SUPPLIED INFORMATION:
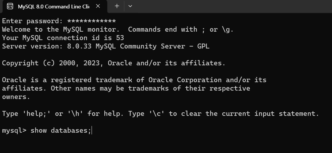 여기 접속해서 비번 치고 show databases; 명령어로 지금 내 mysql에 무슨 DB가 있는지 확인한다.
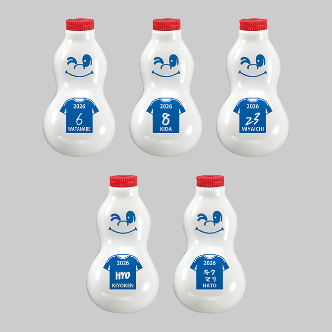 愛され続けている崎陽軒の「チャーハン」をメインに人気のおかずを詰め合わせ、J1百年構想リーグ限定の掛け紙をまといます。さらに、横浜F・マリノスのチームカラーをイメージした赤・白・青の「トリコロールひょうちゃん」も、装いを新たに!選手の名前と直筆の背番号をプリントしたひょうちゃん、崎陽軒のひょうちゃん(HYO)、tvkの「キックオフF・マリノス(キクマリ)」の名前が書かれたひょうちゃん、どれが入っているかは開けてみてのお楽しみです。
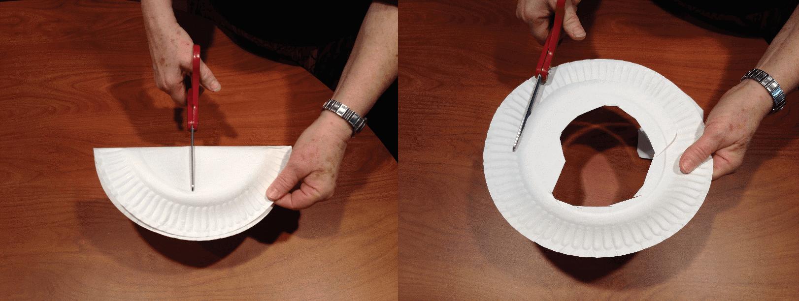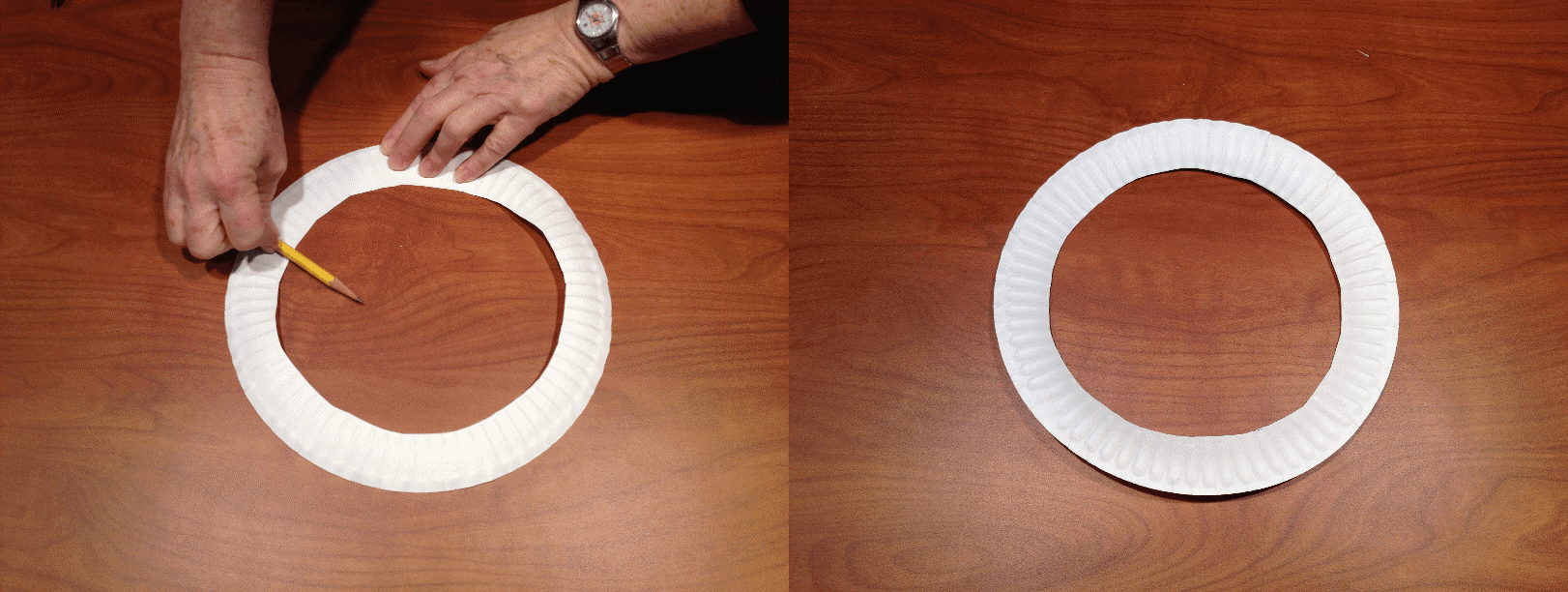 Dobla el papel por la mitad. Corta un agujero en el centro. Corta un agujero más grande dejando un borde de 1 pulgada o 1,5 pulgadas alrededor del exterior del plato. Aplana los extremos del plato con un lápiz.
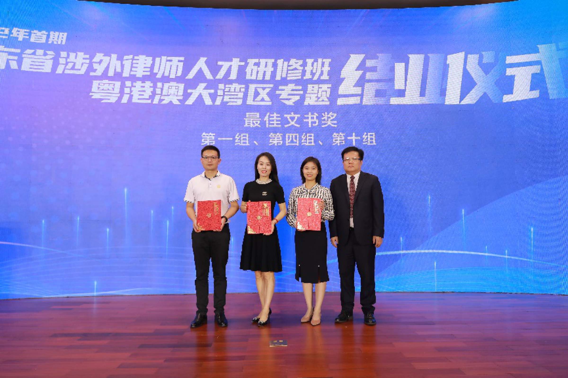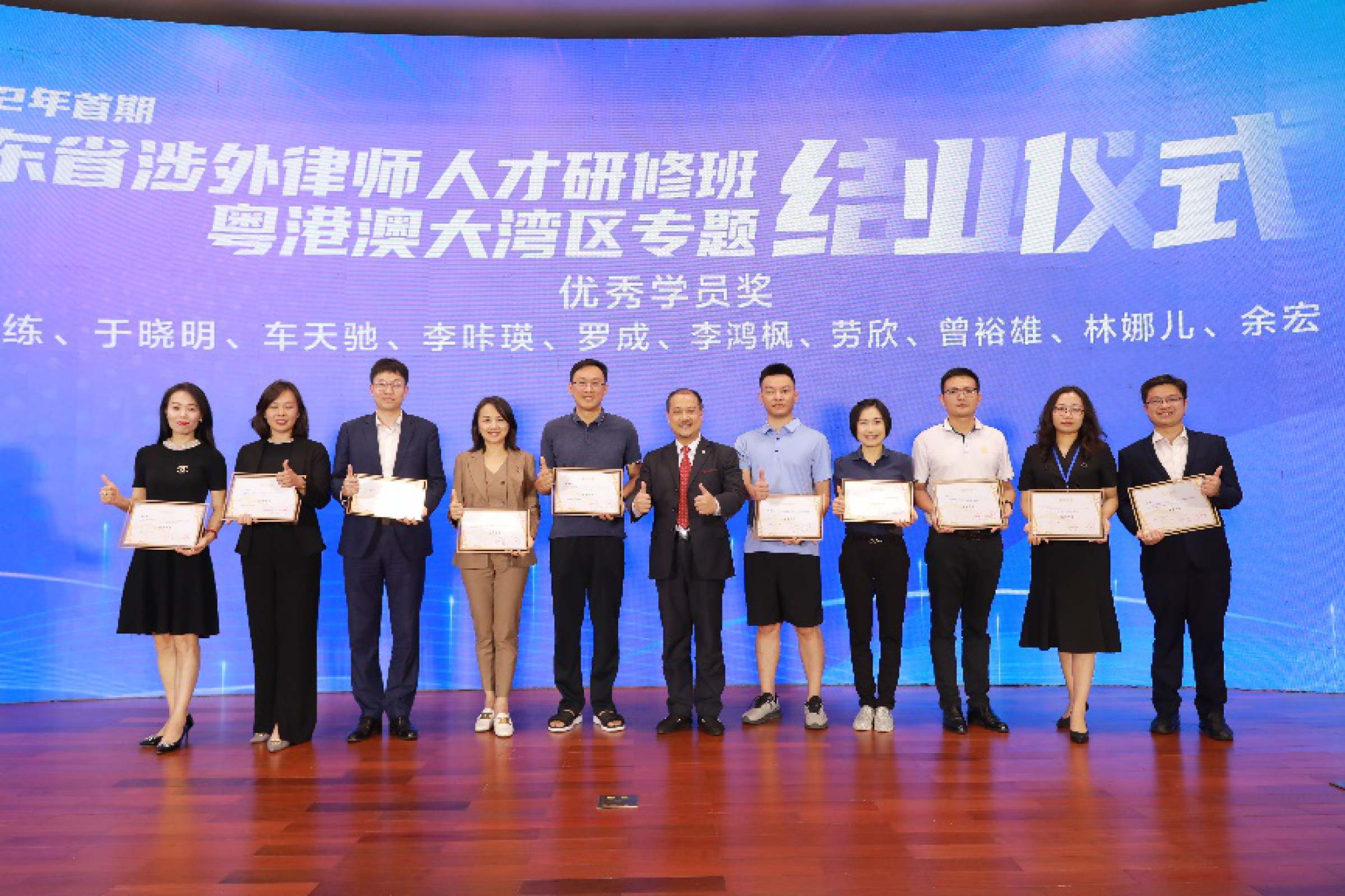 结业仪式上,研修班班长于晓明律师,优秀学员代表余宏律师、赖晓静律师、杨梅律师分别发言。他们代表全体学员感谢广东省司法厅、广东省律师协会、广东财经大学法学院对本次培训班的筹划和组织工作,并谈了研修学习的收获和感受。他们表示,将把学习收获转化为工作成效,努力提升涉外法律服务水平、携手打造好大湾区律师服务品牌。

--

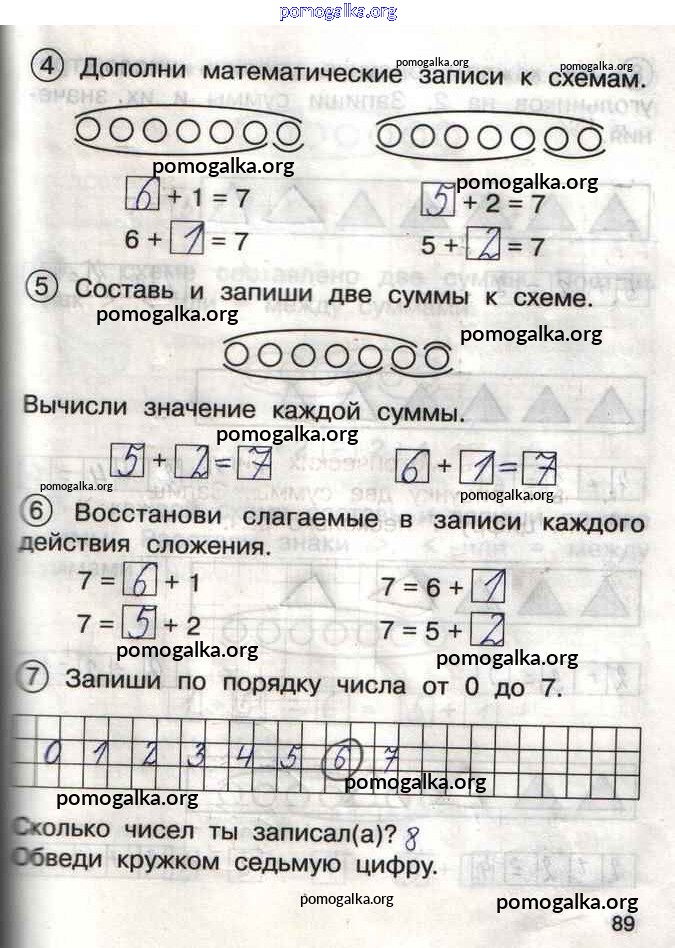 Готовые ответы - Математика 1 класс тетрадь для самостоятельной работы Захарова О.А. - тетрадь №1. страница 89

YOUR ASSIGNMENT:
For the entries above, print exactly the lines between the one with "愛され続けている崎陽軒の「チ" and the one with "结业仪式上,研修班班长于晓明", inclusive, with no pictures.

ANSWER TO THIS EXERCISE:
 愛され続けている崎陽軒の「チャーハン」をメインに人気のおかずを詰め合わせ、J1百年構想リーグ限定の掛け紙をまといます。さらに、横浜F・マリノスのチームカラーをイメージした赤・白・青の「トリコロールひょうちゃん」も、装いを新たに!選手の名前と直筆の背番号をプリントしたひょうちゃん、崎陽軒のひょうちゃん(HYO)、tvkの「キックオフF・マリノス(キクマリ)」の名前が書かれたひょうちゃん、どれが入っているかは開けてみてのお楽しみです。
 Dobla el papel por la mitad. Corta un agujero en el centro. Corta un agujero más grande dejando un borde de 1 pulgada o 1,5 pulgadas alrededor del exterior del plato. Aplana los extremos del plato con un lápiz.
 结业仪式上,研修班班长于晓明律师,优秀学员代表余宏律师、赖晓静律师、杨梅律师分别发言。他们代表全体学员感谢广东省司法厅、广东省律师协会、广东财经大学法学院对本次培训班的筹划和组织工作,并谈了研修学习的收获和感受。他们表示,将把学习收获转化为工作成效,努力提升涉外法律服务水平、携手打造好大湾区律师服务品牌。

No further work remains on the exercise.